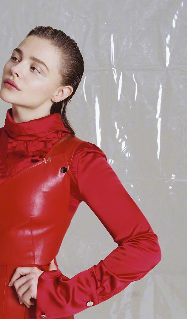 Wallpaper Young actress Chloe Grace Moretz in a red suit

========================================

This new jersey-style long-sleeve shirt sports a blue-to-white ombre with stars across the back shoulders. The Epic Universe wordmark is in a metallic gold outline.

========================================

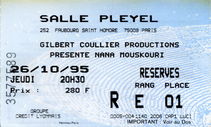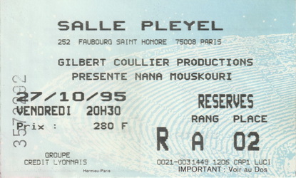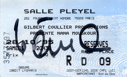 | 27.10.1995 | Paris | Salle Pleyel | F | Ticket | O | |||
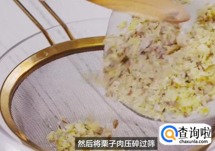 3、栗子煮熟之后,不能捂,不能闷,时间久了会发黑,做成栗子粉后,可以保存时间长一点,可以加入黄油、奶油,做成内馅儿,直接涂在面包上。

========================================

WHAT THIS TASK INVOLVES. Text only, no pictures: please print exactly the lines above from the line with "Ticket | O | |||" up to and including the line with "3、栗子煮熟之后,不能捂,不", and nothing else.

THE ANSWER.
 | 27.10.1995 | Paris | Salle Pleyel | F | Ticket | O | |||
 3、栗子煮熟之后,不能捂,不能闷,时间久了会发黑,做成栗子粉后,可以保存时间长一点,可以加入黄油、奶油,做成内馅儿,直接涂在面包上。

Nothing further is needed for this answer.